Conversely, if placed in the overall new regulations on driving training and testing, this is a necessary adjustment step to bring the driving test and license issuance closer to the reality of traffic, where each driver must understand the law better, know how to handle situations better and be more conscious.
For many years, the simulation test was expected to help learners identify risks on the road. But the reality of implementation shows that there are still many inadequacies. Many learners reflect that handling situations on the computer is sometimes different from the developments in real life. There are situations where, in reality, drivers can proactively reduce speed, brake early or avoid from afar to ensure safety, but when taking the test, they must press the correct "standard time" according to the answer. This makes some learners switch from thinking about understanding situations to practicing reflexes according to tricks, or rigidly, mechanically when applied to reality.
If you only learn to cope with the exam, it is very difficult for the driver to have enough bravery to handle when a real situation occurs.
Removing the simulation exam does not mean lowering the test standards. Instead, the number of questions increases, and there are more real-life situations. In particular, the exam questions are built in the direction that learners cannot "learn tricks, take trick tests".
For a long time, a part of people learning to drive only cared about how to pass the exam as quickly as possible. Tips for answering questions, tips for remembering traffic signs, and tips for choosing answers have sometimes turned learning traffic laws into memorizing to cope.
The encouraging thing is that the upcoming changes put a higher focus on training quality. Driving training institutions will have to help students understand the nature of the law, practice observation skills, predict risks, handle situations and form a safe driving culture. Learners also have to change their thinking: learning and taking driving tests is not just to "have a driver's license", but importantly to equip themselves with sufficient capacity to participate in traffic in a civilized and responsible manner.

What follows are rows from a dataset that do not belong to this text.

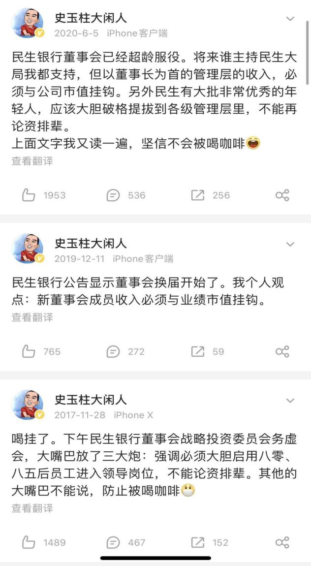 2020年6月,民生银行管理层迎来换届。面对一团糟的民生银行,最早的股东代表、非执行董事史玉柱都忍不住又一次“开炮”,提出三点:民生银行的董事长已经超龄服役(洪崎在任25年),管理层收入须与公司市值挂钩,要大胆破格提拔年轻人至各级管理层。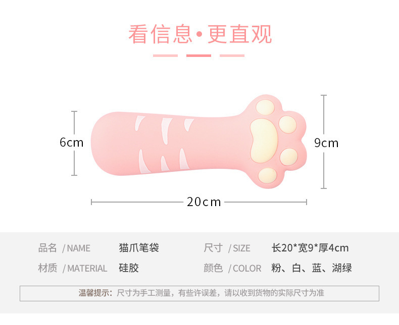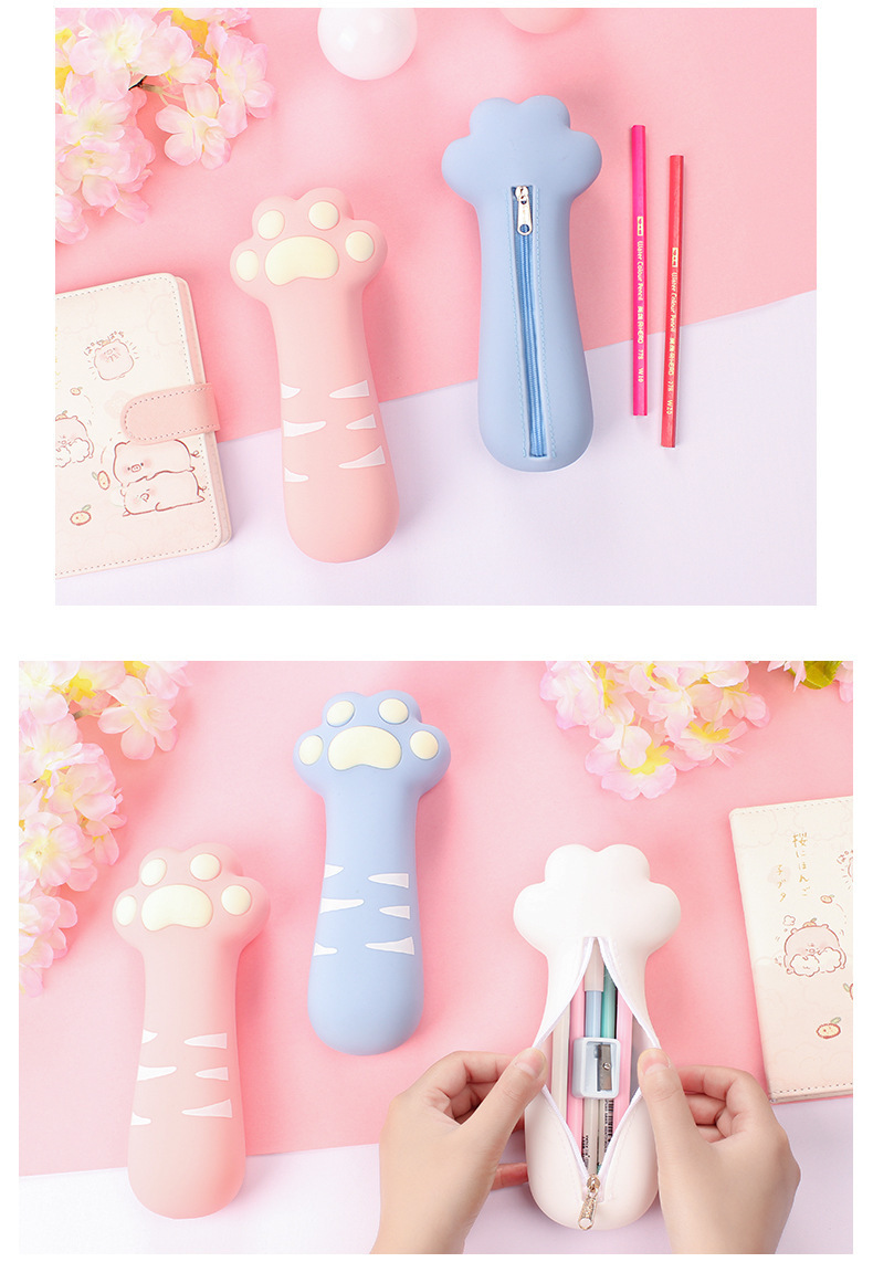 레톤 실리콘 고양이 발 모양 필통 도매 귀여운 문구함 만화 연필통 수납 가방 학생용 문구 가방 맞춤 제작스토어 가기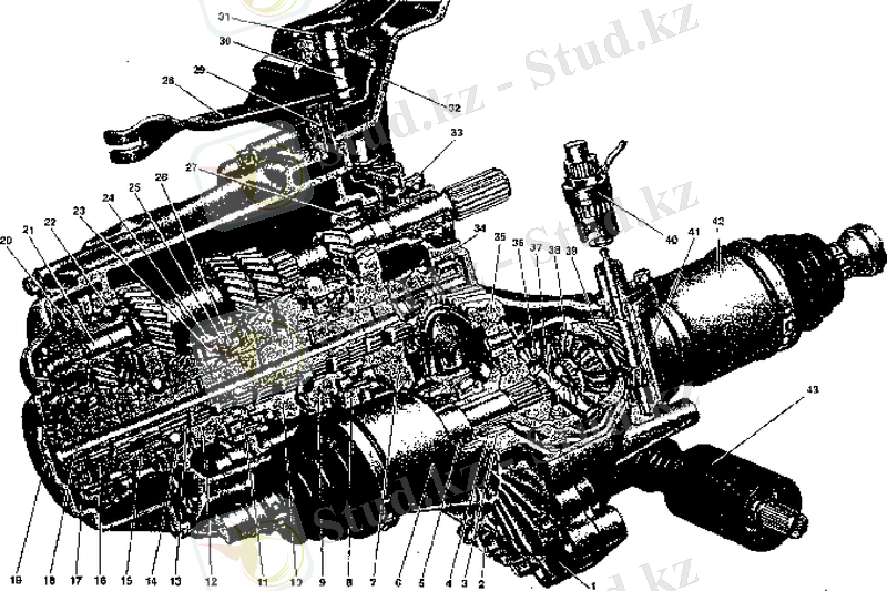 1-картер; 2-бірінші білік; 3, 27-V берілістегі жетекші және жетектегі тісті доңғалақ; 4 және 26 - ІV берілістегі жетекші және жетектегі тісті доңғалақ; 5 және 24 - ІІІ берілістегі жетекші және жетектегі тісті доңғалақ; 6 және 23 - ІІ берілістегі жетекші және жетектегі тісті доңғалақ; 7, 8 және 11 - артқы жүрістің жетекші, аралық және жетектегі тісті доңғалақ; 9 - артқы жүрістің тісті доңғалағының осі; 10 және 21 - І берілістегі жетекші және жетектегі тісті доңғалақ; 12 - екінші білік; 13 - басты берілістің жетекші тісті доңғалағы; 14 - сателлит (серік) ; 15 - сателлита осі; 16 және 20 - жетекші доңғалақтың жетегінің білігі (жарты ось) ; 17 - жарты осьті тісті доңғалақ; 18 - басты берілістің жетектегі тісті доңғалағы; 19 - дифференциал тұрқысы; 22, 25, 28 - І және ІІ, ІІІ және IV, V берілісті қосушы муфта синхронизаторлары.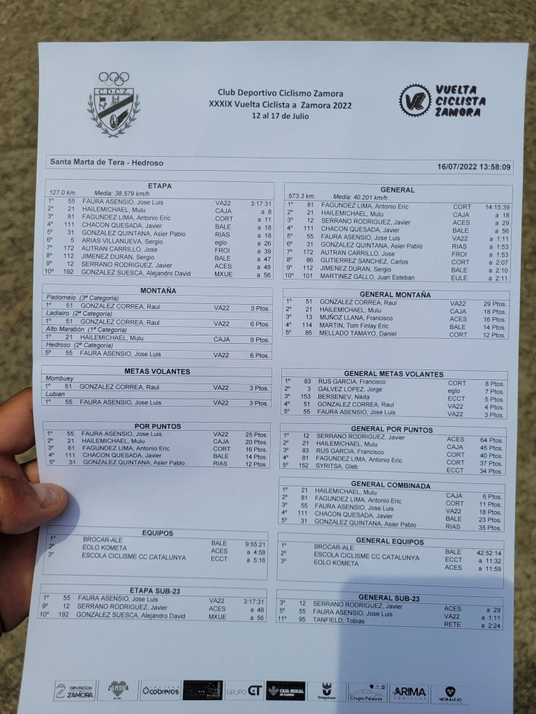 Ante la vigilancia que había entre Mulu y Fagúndez en la pelea por el amarillo, era Faura el que aprovechaba su momento, moviendo ficha a 4 kilómetros de la llegada. El ciclista murciano de 21 años abría un pequeño hueco que sería definitivo, y aunque sufría de lo lindo en el muro de hormigón en Hedroso conseguía dar una merecida victoria al conjunto del Valverde Team tras una ronda en la que han sido protagonistas todos los días. Mulu y Fagúndez entraban tras él, siendo el liderato para el uruguayo del Cortizo, aunque las diferencias siguen siendo mínimas entre ellos de cara al epílogo de la vuelta de mañana en Toro. Javi Serrano tiraba de casta en ese tramo definitivo y se dejaba solo 48”, aunque no era suficiente para mantener esa condición de adalid.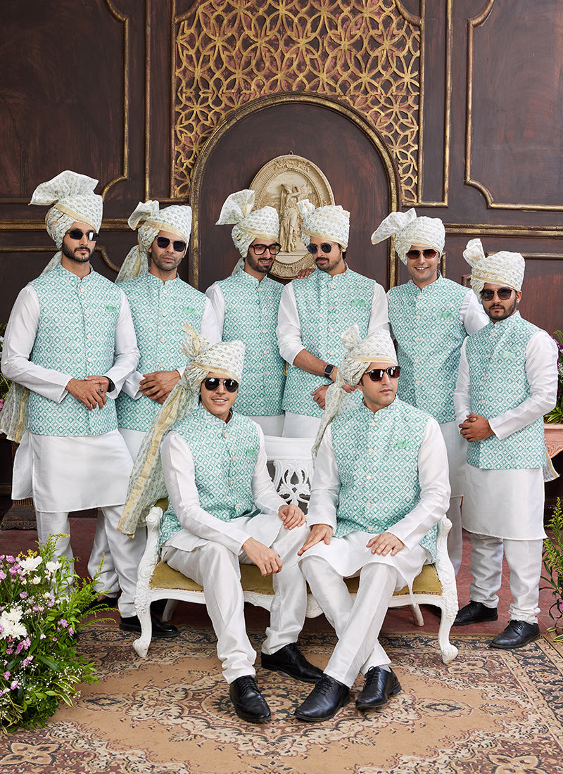 Banarasi Silk Sea Blue Wedding Wear Digital Print Radymade Modi Jacket Kurta Pajama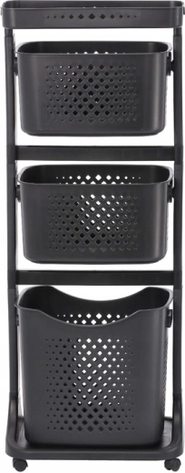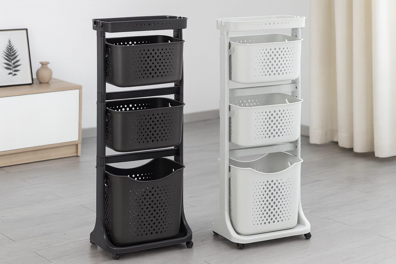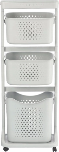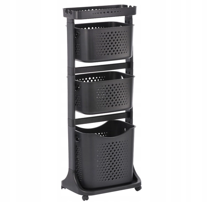 Praktikus és stílusos segítőtárs minden háztartásba: gurulós állvány négy tágas kosárral, felső lerakópolccal és kerekekkel a könnyű áthelyezéshez. A szellőző, perforált kosaraknak, a karcsú, vertikális kialakításnak és az univerzális dizájnnak köszönhetően tökéletesen illik fürdőszobába, konyhába, mosókonyhába, gyerekszobába és irodába is.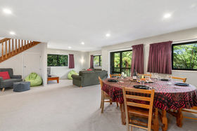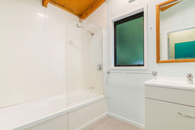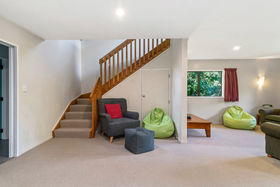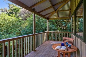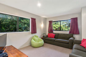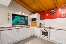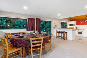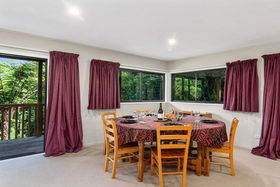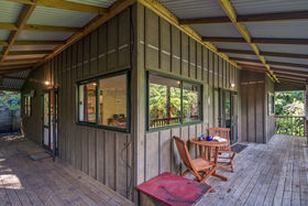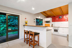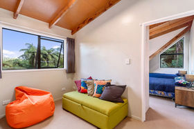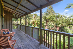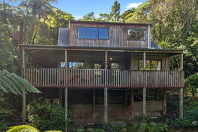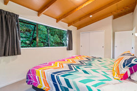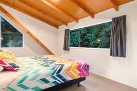 This 2 storey home includes 2 spacious bedrooms on the top floor, including a fold out single bed on the landing. You'll find open plan living on the ground floor with a modern kitchen that has all the essentials for meals at home. Take your morning coffee at the breakfast bar or step out onto the large wrap around deck and watch the fantails flit through the punga ferns. In the warmer months, enjoy a glass of wine while watching the sun set

Removing the simulation test, increasing theoretical requirements, opposing "teaching tricks, testing tricks" and bringing practical tests close to the real road is the right direction. A driver's license is only meaningful when the issued person understands the law, respects the law and knows how to behave safely in complex situations on the road. This is both a technical requirement and a requirement of social responsibility for each driver in the current increasingly complex traffic context.